The task:
Only these lines of the data below are wanted: the one with "- الممثلة مادونا", the one with "Chiếc SUV hạng", and any lines between them, each repeated exactly.

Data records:
------------------------------------------------
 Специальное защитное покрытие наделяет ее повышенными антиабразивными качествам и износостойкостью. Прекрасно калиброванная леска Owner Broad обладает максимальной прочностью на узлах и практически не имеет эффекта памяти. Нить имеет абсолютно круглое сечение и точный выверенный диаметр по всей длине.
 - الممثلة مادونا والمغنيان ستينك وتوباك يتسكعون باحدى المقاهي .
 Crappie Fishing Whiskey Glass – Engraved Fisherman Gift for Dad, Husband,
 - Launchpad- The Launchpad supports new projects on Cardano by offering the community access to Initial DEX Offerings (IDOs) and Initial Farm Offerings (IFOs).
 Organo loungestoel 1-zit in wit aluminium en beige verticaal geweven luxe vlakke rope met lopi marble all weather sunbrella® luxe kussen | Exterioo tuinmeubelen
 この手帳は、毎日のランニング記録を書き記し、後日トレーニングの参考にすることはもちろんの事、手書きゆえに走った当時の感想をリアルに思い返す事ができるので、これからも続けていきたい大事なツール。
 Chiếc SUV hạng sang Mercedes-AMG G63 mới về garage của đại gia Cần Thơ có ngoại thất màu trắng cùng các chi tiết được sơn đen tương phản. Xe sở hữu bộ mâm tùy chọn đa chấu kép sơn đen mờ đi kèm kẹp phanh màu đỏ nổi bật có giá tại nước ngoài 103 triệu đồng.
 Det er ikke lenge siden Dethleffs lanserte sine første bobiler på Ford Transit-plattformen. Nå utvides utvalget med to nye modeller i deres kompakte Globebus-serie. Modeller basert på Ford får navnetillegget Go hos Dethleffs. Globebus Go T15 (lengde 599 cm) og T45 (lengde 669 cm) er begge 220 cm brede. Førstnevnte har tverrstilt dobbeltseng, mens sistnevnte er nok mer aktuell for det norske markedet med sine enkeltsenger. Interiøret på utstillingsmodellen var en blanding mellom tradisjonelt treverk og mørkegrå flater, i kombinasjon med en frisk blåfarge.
------------------------------------------------
Written answer:
 - الممثلة مادونا والمغنيان ستينك وتوباك يتسكعون باحدى المقاهي .
 Crappie Fishing Whiskey Glass – Engraved Fisherman Gift for Dad, Husband,
 - Launchpad- The Launchpad supports new projects on Cardano by offering the community access to Initial DEX Offerings (IDOs) and Initial Farm Offerings (IFOs).
 Organo loungestoel 1-zit in wit aluminium en beige verticaal geweven luxe vlakke rope met lopi marble all weather sunbrella® luxe kussen | Exterioo tuinmeubelen
 この手帳は、毎日のランニング記録を書き記し、後日トレーニングの参考にすることはもちろんの事、手書きゆえに走った当時の感想をリアルに思い返す事ができるので、これからも続けていきたい大事なツール。
 Chiếc SUV hạng sang Mercedes-AMG G63 mới về garage của đại gia Cần Thơ có ngoại thất màu trắng cùng các chi tiết được sơn đen tương phản. Xe sở hữu bộ mâm tùy chọn đa chấu kép sơn đen mờ đi kèm kẹp phanh màu đỏ nổi bật có giá tại nước ngoài 103 triệu đồng.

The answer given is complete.